─── PROVIDED RECORDS

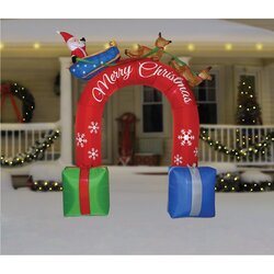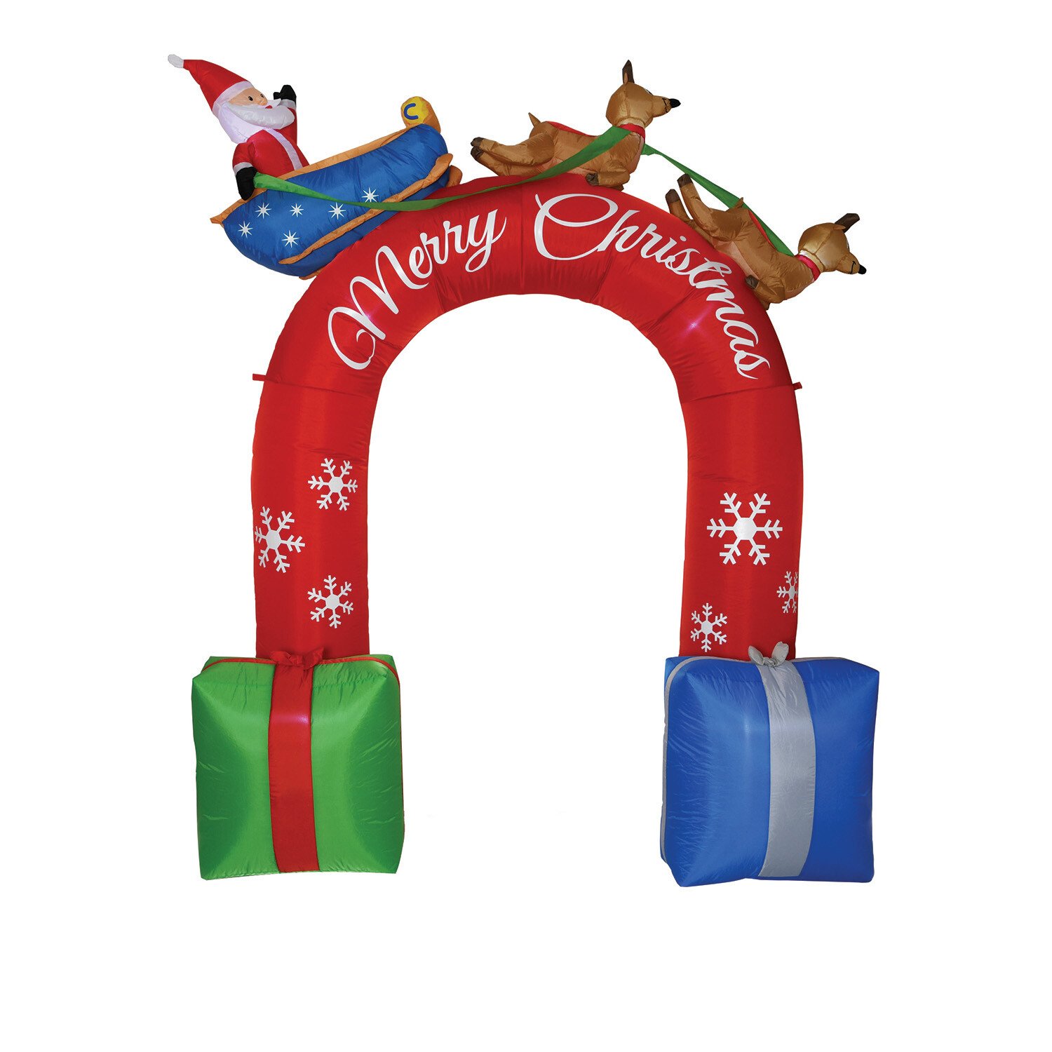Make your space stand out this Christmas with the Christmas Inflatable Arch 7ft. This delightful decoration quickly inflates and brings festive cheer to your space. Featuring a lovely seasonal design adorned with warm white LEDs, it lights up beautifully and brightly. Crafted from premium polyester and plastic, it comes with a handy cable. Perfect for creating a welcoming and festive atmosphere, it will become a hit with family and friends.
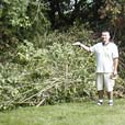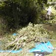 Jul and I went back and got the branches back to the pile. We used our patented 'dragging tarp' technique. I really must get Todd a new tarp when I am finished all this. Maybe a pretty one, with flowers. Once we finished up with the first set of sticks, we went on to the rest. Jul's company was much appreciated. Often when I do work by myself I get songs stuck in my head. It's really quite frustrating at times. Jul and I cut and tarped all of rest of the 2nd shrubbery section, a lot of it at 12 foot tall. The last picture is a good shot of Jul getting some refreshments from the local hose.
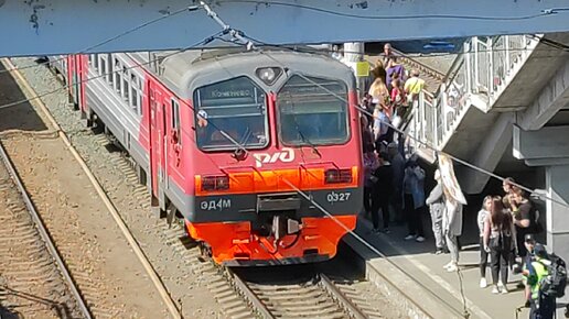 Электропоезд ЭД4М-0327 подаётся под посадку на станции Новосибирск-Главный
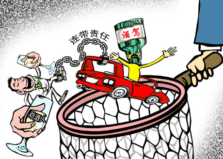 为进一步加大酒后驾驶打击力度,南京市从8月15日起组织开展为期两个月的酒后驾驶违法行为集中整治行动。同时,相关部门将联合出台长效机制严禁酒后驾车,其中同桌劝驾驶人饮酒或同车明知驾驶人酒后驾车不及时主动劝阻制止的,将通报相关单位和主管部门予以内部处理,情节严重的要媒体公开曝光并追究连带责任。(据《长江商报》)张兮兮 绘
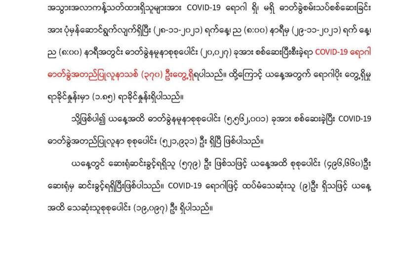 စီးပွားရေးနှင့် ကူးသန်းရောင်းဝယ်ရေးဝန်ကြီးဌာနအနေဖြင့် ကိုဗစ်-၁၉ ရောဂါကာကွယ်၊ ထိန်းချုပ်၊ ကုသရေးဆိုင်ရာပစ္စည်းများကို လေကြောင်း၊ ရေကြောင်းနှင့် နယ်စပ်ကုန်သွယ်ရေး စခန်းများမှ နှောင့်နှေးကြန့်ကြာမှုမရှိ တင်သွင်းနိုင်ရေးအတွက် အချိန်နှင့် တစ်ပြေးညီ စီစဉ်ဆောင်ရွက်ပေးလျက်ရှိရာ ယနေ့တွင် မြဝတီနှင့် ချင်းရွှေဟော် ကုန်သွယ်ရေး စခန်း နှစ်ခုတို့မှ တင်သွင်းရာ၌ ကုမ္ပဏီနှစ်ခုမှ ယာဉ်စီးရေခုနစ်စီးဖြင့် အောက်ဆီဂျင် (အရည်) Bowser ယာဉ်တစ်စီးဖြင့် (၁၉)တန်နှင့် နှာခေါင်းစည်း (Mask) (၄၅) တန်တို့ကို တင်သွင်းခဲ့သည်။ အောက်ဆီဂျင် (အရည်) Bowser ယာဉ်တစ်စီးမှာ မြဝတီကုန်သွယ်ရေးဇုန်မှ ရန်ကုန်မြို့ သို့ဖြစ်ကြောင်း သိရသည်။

──────

▶ **REQUIRED ACTION**
Transcribe all of the records exactly, without reproducing their pictures.

▶ **THE COMPLETED TASK**
Make your space stand out this Christmas with the Christmas Inflatable Arch 7ft. This delightful decoration quickly inflates and brings festive cheer to your space. Featuring a lovely seasonal design adorned with warm white LEDs, it lights up beautifully and brightly. Crafted from premium polyester and plastic, it comes with a handy cable. Perfect for creating a welcoming and festive atmosphere, it will become a hit with family and friends.
 Jul and I went back and got the branches back to the pile. We used our patented 'dragging tarp' technique. I really must get Todd a new tarp when I am finished all this. Maybe a pretty one, with flowers. Once we finished up with the first set of sticks, we went on to the rest. Jul's company was much appreciated. Often when I do work by myself I get songs stuck in my head. It's really quite frustrating at times. Jul and I cut and tarped all of rest of the 2nd shrubbery section, a lot of it at 12 foot tall. The last picture is a good shot of Jul getting some refreshments from the local hose.
 Электропоезд ЭД4М-0327 подаётся под посадку на станции Новосибирск-Главный
 为进一步加大酒后驾驶打击力度,南京市从8月15日起组织开展为期两个月的酒后驾驶违法行为集中整治行动。同时,相关部门将联合出台长效机制严禁酒后驾车,其中同桌劝驾驶人饮酒或同车明知驾驶人酒后驾车不及时主动劝阻制止的,将通报相关单位和主管部门予以内部处理,情节严重的要媒体公开曝光并追究连带责任。(据《长江商报》)张兮兮 绘
 စီးပွားရေးနှင့် ကူးသန်းရောင်းဝယ်ရေးဝန်ကြီးဌာနအနေဖြင့် ကိုဗစ်-၁၉ ရောဂါကာကွယ်၊ ထိန်းချုပ်၊ ကုသရေးဆိုင်ရာပစ္စည်းများကို လေကြောင်း၊ ရေကြောင်းနှင့် နယ်စပ်ကုန်သွယ်ရေး စခန်းများမှ နှောင့်နှေးကြန့်ကြာမှုမရှိ တင်သွင်းနိုင်ရေးအတွက် အချိန်နှင့် တစ်ပြေးညီ စီစဉ်ဆောင်ရွက်ပေးလျက်ရှိရာ ယနေ့တွင် မြဝတီနှင့် ချင်းရွှေဟော် ကုန်သွယ်ရေး စခန်း နှစ်ခုတို့မှ တင်သွင်းရာ၌ ကုမ္ပဏီနှစ်ခုမှ ယာဉ်စီးရေခုနစ်စီးဖြင့် အောက်ဆီဂျင် (အရည်) Bowser ယာဉ်တစ်စီးဖြင့် (၁၉)တန်နှင့် နှာခေါင်းစည်း (Mask) (၄၅) တန်တို့ကို တင်သွင်းခဲ့သည်။ အောက်ဆီဂျင် (အရည်) Bowser ယာဉ်တစ်စီးမှာ မြဝတီကုန်သွယ်ရေးဇုန်မှ ရန်ကုန်မြို့ သို့ဖြစ်ကြောင်း သိရသည်။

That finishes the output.